Comic Adaption Reveals Inner Workings of George Lucas’s Mind

The movie originally opened up with Luke observing the space battle above Tatooine, but the scene was cut because the hat he was wearing was just too embarrassing– even for the man who would later create Jar-Jar Binks!

 

We also would have gotten to see the “Toshi station” where Luke oh so wanted to go pick up power converters… but that scene was cut because Luke’s nickname was so irritating and also because Lucas later decided that a crystal ball did not fit so well with his vision of the Star Wars ethos: 

I had the Star Wars storybook as a kid and it also contained images of the following scene that hit the cutting room floor.  Man, I thought Biggs was cool.  I could not figure out why they cut him, but then in the nineties Lucas reinserted some of his scenes when he released the altered version of the film.  Oh!  The pain!  If only we lived in a world where Lucas had someone near him to tell him he was out of his mind….

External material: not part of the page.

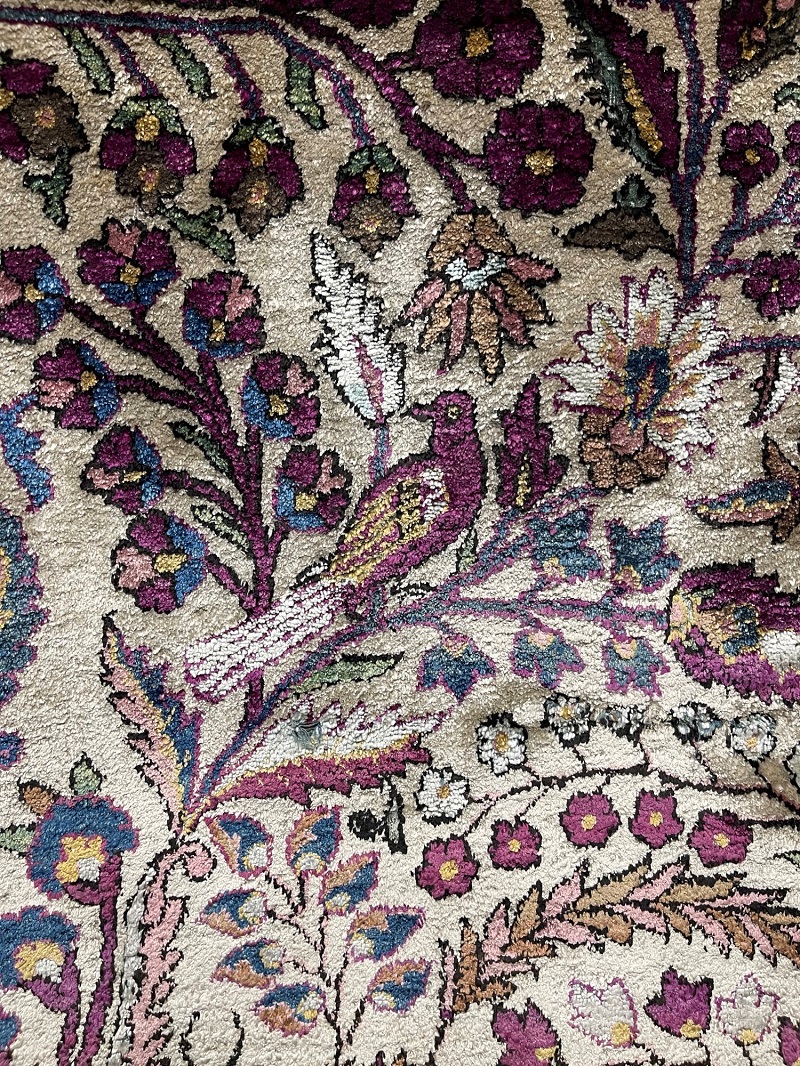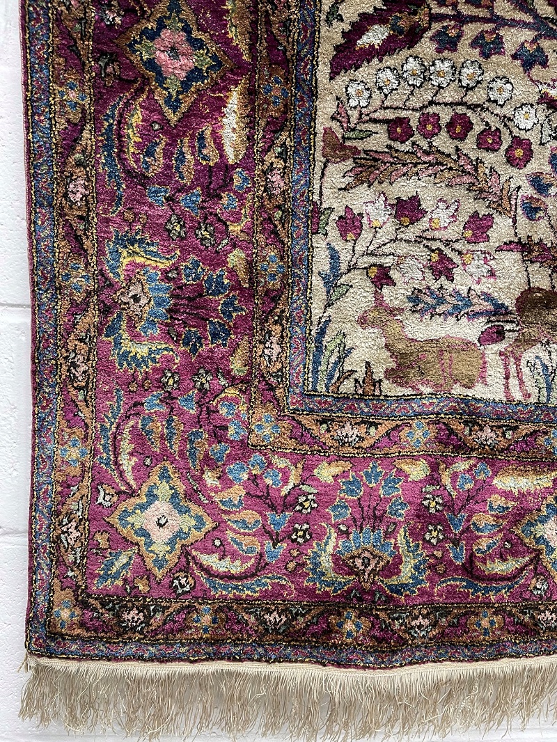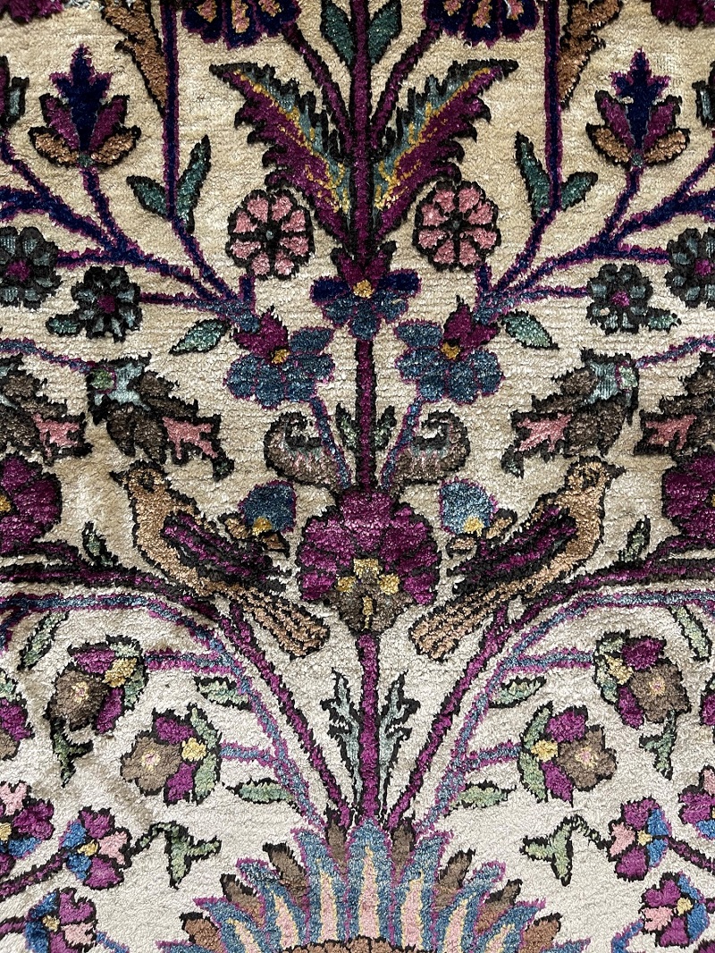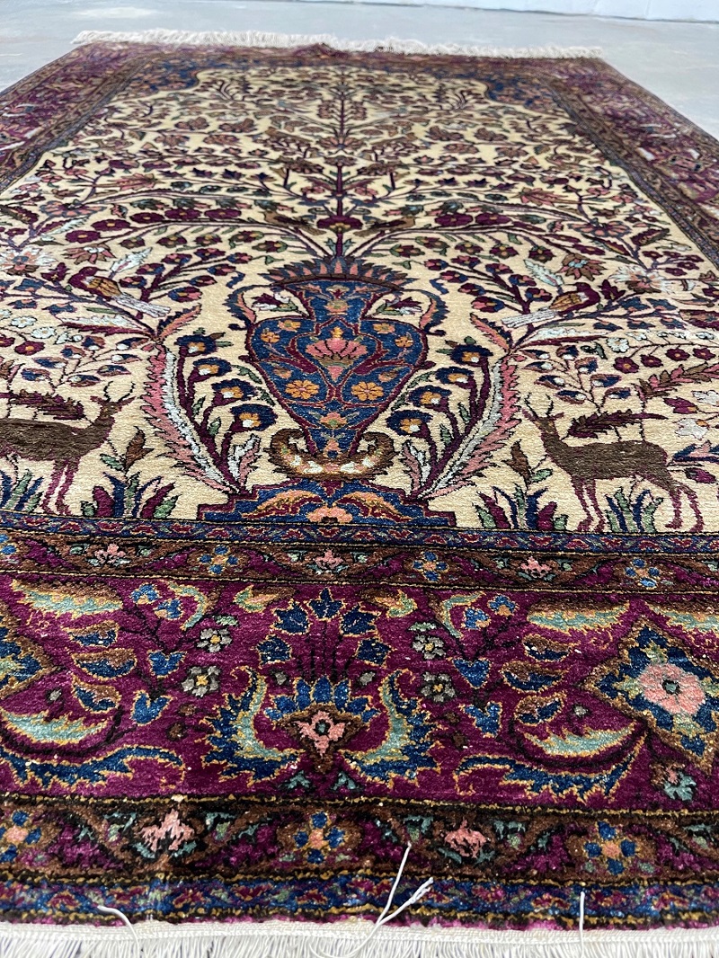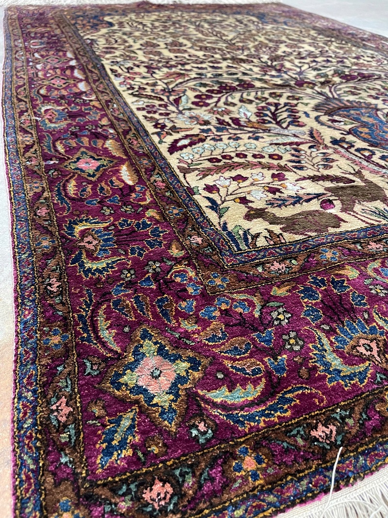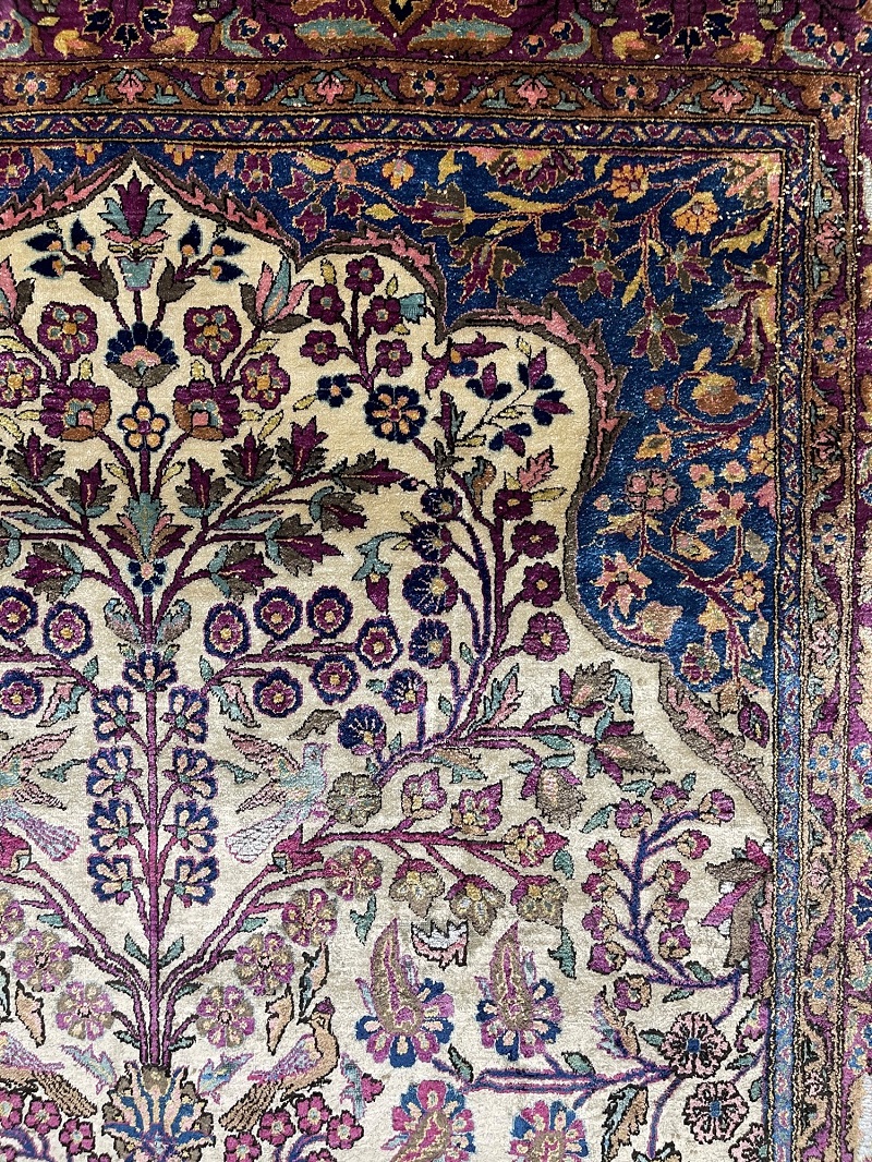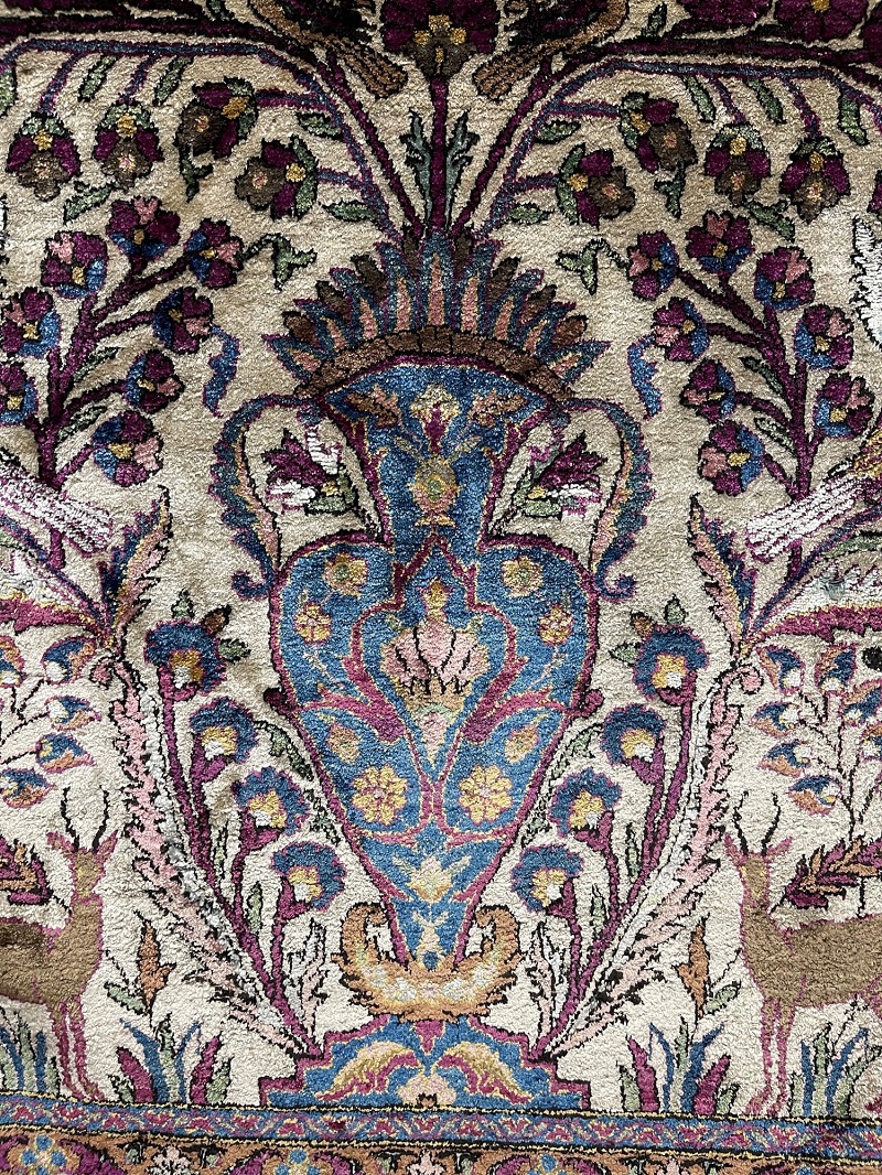 Rug was probably a custom order from royals or a wealthy family as it was unusual from Kashan rug makers to have full silk rugs.

You remember that scene with the shiny black miniature Death Star looking floating droid thing with a syringe?  I never could figure it out as a kid….  I mean here we are in this high tech supernatural universe and Vader can’t pull a Jedi Mind Trick while using some kind of high tech brain imaging.  No… we’ve got a floating death star with a syringe!  It just doesn’t fit.  Well, you should have seen what Lucas originally had in mind: a black droid with a mohawk and an earring!  “I pity the fool that don’t tell me the location of the hidden rebel base!”

He’s another lousy scene that should of stayed on the cutting room floor but that Lucas had to dig back up for his re-envisioning of the film.  At least you get to check out the frightening pre-slug Jabba:

And check out this rendition of the famous Remote and Blast Shield.  This image upset me even as a kinder-gardener with only a dim memory of the movie.  I guess the Marvel Comics artist lacked the necessary stills to pull this one off and had to make it up based mostly on the script?

And here’s the scene where Frodo is entering the Mines of Moria… oh wait… wrong movie.  You remember the scene where Chewbacca gets frightened and Han just randomly shoots his blaster down an empty hall?  It never did make any sense to me.  Apparently, Lucas originally had something different in mind there as we see below.  Hmm… maybe he was running out of special effects $$?

But if I was slightly confused by Han shooting down an empty hallway, I was quite perturbed by Obiwan Kenobi’s light-saber duel.  He just gives up!  He holds his light-saber straight up and lets Vader kill him.  Right.  (Luke, did Ben forget to tell you that not only do Jedi Knights venerate lying, but they are also heavy into ritual suicide.)  The comic book adaption of that fight is much better; Kenobi talks a little more smack and appears to go down fighting.  Here’s line that got cut from the film that puts one of Ben’s more cryptic remarks in context:

Here’s a particular juicy bit… in the earliest cuts of the film, Luke’s father was well known and well thought of.  Personally, I’d like to live in a universe where Ben’s not a liar, Luke didn’t kiss his sister, and where Vader was not Luke’s daddy.  This scene provides some evidence for those that think that things really were intended to be that way as the first film came together:

Here’s a scene that demonstrates how Lucas’s revisionism truly knows no bounds.  You can tell this is the revised adaption from 2006 because Lucas had Dark Horse comics remove the part where Luke screams “Carrie!!!”  instead he makes them put in some lame line about ‘Technicos.’  Right.  You’re not fooling anyone, George.  It’s bad enough that you’ve altered the movies, but could you at least stay out of the comic adaption and leave things be?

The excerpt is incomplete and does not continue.